When writing out the entries below, keep only the lines from the line with "Colar Dog Tag" to the line with "One Control Mosquito", both included, exactly as they are, and leave the pictures aside.

— PROVIDED MATERIAL —

• • • • • • •

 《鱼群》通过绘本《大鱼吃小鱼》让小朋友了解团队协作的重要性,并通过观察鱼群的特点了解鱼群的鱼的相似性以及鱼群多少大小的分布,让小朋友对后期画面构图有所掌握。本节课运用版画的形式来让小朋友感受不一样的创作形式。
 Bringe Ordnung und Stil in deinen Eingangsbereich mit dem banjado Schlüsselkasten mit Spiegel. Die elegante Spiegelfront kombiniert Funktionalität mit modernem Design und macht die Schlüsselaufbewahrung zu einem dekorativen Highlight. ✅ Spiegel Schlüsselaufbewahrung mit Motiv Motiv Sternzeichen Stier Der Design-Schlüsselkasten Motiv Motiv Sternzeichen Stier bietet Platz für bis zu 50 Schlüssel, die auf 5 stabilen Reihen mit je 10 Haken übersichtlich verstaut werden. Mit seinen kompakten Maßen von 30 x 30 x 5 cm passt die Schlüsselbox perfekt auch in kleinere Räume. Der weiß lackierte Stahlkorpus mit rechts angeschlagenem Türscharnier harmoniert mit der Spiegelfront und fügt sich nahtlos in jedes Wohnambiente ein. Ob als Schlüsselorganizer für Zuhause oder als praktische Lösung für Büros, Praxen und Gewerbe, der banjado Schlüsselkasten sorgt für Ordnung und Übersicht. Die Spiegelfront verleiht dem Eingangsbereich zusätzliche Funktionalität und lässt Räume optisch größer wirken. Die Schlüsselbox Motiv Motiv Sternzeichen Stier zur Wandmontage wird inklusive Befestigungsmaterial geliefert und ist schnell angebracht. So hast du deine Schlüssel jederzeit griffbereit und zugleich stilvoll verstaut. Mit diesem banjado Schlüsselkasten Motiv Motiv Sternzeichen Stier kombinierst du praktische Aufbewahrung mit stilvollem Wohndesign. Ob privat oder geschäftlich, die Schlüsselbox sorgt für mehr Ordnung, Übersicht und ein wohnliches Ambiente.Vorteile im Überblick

• • • • • • •

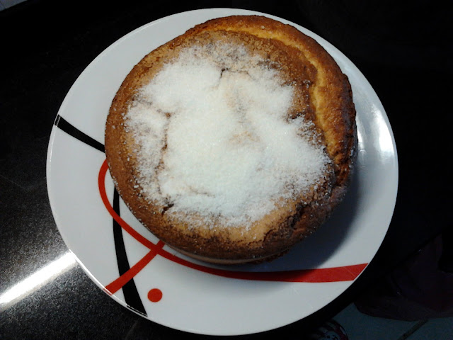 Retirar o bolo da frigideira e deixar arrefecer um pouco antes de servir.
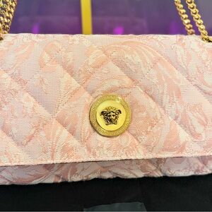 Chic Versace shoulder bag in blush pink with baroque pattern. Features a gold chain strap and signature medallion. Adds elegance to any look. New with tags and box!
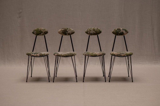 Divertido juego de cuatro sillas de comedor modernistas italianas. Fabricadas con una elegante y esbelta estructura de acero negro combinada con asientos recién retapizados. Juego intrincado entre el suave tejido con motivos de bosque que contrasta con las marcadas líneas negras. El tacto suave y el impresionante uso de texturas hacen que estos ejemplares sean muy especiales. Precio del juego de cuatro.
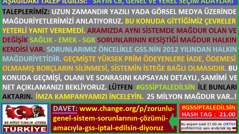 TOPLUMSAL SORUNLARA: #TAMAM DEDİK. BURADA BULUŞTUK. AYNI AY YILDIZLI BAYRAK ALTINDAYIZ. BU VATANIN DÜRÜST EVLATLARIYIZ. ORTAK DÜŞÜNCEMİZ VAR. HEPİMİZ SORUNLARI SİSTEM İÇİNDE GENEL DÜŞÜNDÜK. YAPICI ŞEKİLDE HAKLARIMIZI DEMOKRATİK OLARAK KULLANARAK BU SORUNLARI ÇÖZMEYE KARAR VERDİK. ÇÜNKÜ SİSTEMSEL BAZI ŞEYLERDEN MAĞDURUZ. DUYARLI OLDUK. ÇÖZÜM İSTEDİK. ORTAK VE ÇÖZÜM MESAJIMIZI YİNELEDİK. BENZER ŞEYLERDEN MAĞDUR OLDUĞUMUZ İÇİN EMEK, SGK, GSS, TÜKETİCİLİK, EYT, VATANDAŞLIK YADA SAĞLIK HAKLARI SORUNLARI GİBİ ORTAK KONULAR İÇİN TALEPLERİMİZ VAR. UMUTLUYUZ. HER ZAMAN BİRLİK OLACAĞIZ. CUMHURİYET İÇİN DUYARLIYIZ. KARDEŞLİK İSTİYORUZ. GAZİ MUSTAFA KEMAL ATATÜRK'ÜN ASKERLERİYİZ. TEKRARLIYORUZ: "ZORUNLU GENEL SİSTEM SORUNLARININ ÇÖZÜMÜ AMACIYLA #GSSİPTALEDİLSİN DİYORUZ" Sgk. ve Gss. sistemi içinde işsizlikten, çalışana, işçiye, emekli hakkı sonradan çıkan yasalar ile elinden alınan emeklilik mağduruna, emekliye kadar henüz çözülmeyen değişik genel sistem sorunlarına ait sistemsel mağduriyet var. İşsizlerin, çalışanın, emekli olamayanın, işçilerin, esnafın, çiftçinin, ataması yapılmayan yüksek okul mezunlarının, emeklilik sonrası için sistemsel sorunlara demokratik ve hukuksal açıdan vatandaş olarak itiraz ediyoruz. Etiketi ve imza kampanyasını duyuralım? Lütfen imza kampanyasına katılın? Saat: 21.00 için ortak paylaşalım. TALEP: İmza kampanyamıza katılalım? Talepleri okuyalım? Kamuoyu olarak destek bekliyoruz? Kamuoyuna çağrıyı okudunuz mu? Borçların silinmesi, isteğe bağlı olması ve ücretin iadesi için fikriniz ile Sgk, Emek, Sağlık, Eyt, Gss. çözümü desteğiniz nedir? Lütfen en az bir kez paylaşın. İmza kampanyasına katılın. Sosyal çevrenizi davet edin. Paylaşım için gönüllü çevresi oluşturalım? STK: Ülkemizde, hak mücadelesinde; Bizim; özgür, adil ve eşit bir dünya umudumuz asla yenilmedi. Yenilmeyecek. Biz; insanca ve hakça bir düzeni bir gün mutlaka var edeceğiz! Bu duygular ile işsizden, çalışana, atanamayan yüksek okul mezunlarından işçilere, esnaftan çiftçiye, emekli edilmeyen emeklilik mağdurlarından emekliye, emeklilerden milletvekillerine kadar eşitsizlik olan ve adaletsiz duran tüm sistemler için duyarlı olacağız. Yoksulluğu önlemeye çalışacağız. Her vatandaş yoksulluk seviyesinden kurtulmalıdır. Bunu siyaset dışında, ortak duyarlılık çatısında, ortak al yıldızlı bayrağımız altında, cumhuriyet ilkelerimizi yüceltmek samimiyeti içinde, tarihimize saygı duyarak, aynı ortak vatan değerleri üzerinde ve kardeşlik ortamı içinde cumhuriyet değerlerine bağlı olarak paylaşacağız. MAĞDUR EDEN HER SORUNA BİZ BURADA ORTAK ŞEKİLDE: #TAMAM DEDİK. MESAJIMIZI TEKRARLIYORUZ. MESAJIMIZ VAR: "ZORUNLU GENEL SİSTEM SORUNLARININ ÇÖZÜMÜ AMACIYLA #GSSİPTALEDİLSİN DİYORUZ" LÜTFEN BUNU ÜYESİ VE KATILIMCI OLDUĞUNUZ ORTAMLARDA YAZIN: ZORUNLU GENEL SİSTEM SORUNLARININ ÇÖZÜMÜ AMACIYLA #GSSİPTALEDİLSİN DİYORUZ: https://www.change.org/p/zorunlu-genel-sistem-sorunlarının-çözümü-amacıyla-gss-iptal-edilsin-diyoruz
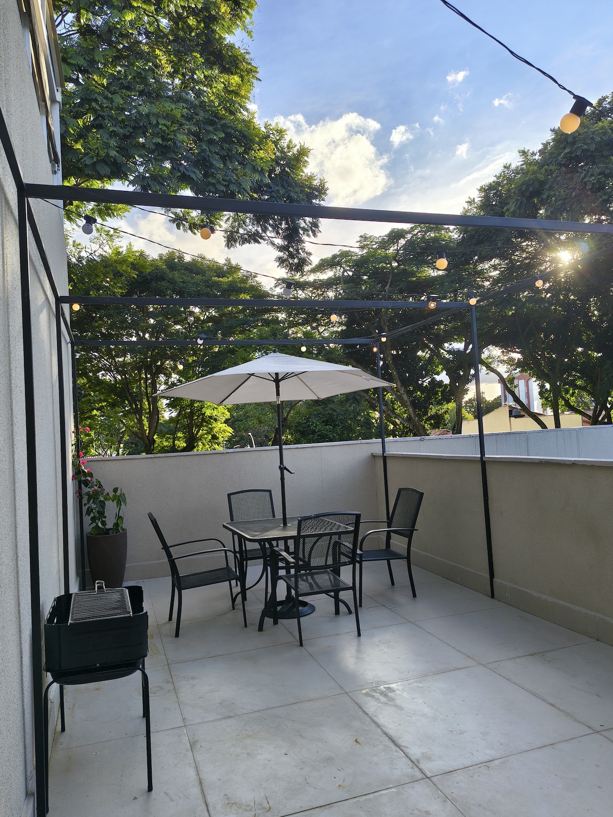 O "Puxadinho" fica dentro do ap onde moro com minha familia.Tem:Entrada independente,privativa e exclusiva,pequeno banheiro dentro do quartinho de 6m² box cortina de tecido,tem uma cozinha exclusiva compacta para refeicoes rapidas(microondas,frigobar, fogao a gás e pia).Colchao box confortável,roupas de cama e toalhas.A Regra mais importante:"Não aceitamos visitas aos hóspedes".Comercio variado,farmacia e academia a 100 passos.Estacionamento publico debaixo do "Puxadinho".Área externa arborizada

• • • • • • •

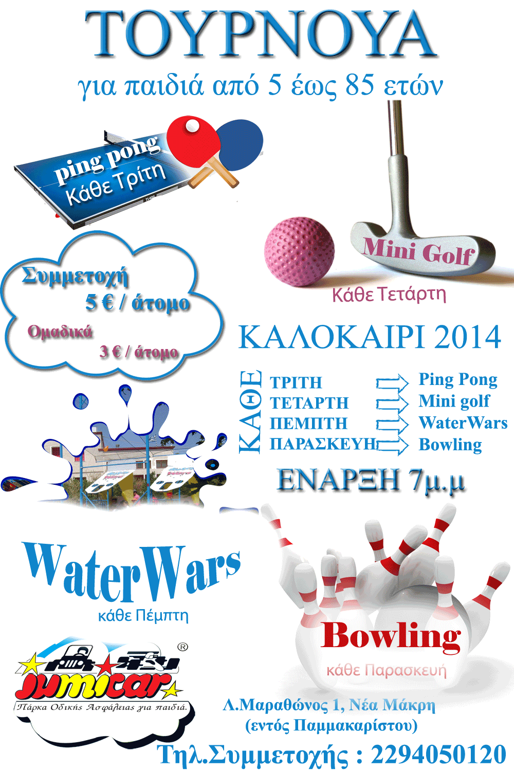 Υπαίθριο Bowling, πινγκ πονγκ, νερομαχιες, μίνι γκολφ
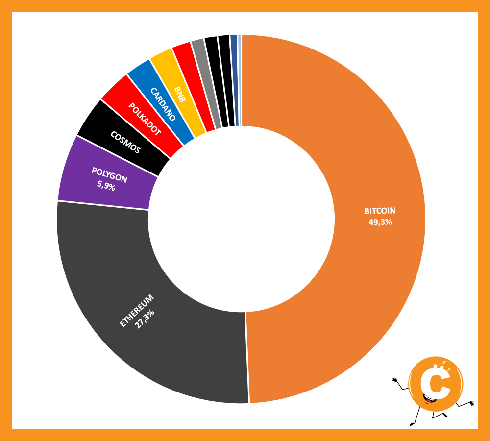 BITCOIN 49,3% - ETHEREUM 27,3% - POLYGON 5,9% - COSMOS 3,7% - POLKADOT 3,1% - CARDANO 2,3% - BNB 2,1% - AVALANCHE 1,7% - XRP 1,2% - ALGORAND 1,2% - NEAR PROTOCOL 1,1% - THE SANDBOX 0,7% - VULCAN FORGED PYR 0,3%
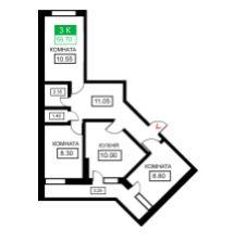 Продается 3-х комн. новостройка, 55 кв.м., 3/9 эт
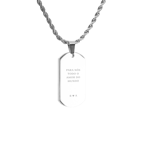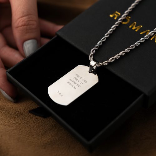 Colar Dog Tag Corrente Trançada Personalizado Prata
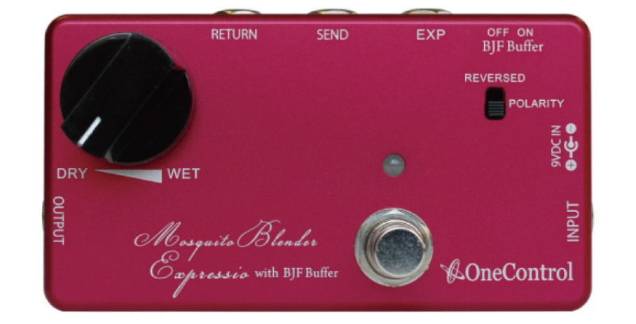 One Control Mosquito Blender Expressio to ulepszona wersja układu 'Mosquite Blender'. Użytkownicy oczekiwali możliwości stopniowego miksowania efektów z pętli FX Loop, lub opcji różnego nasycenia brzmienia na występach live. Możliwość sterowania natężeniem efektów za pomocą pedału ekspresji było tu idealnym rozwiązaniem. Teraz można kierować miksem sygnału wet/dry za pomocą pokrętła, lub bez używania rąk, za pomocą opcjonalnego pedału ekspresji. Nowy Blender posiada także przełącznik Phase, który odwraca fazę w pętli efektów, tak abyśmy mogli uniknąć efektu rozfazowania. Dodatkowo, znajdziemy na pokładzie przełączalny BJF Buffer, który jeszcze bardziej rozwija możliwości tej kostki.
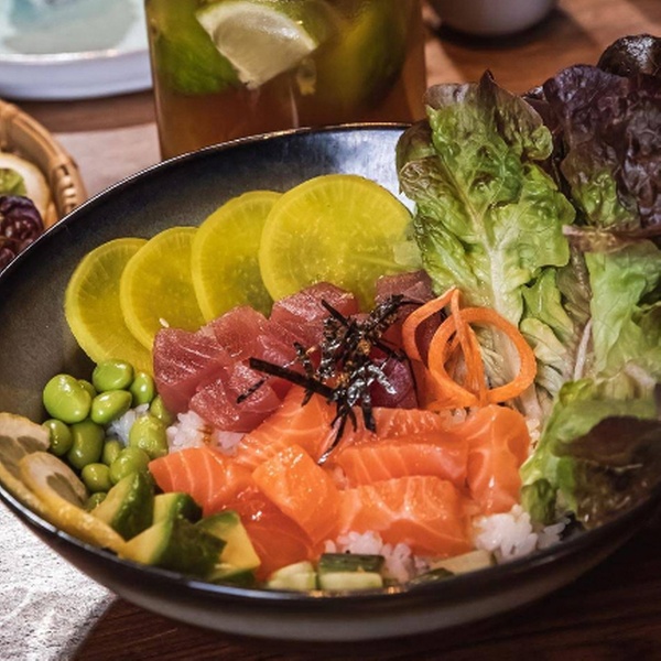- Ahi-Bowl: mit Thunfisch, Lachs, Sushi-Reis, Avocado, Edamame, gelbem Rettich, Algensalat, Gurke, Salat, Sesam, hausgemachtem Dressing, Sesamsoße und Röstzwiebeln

• • • • • • •

— REPLY —
 Colar Dog Tag Corrente Trançada Personalizado Prata
 One Control Mosquito Blender Expressio to ulepszona wersja układu 'Mosquite Blender'. Użytkownicy oczekiwali możliwości stopniowego miksowania efektów z pętli FX Loop, lub opcji różnego nasycenia brzmienia na występach live. Możliwość sterowania natężeniem efektów za pomocą pedału ekspresji było tu idealnym rozwiązaniem. Teraz można kierować miksem sygnału wet/dry za pomocą pokrętła, lub bez używania rąk, za pomocą opcjonalnego pedału ekspresji. Nowy Blender posiada także przełącznik Phase, który odwraca fazę w pętli efektów, tak abyśmy mogli uniknąć efektu rozfazowania. Dodatkowo, znajdziemy na pokładzie przełączalny BJF Buffer, który jeszcze bardziej rozwija możliwości tej kostki.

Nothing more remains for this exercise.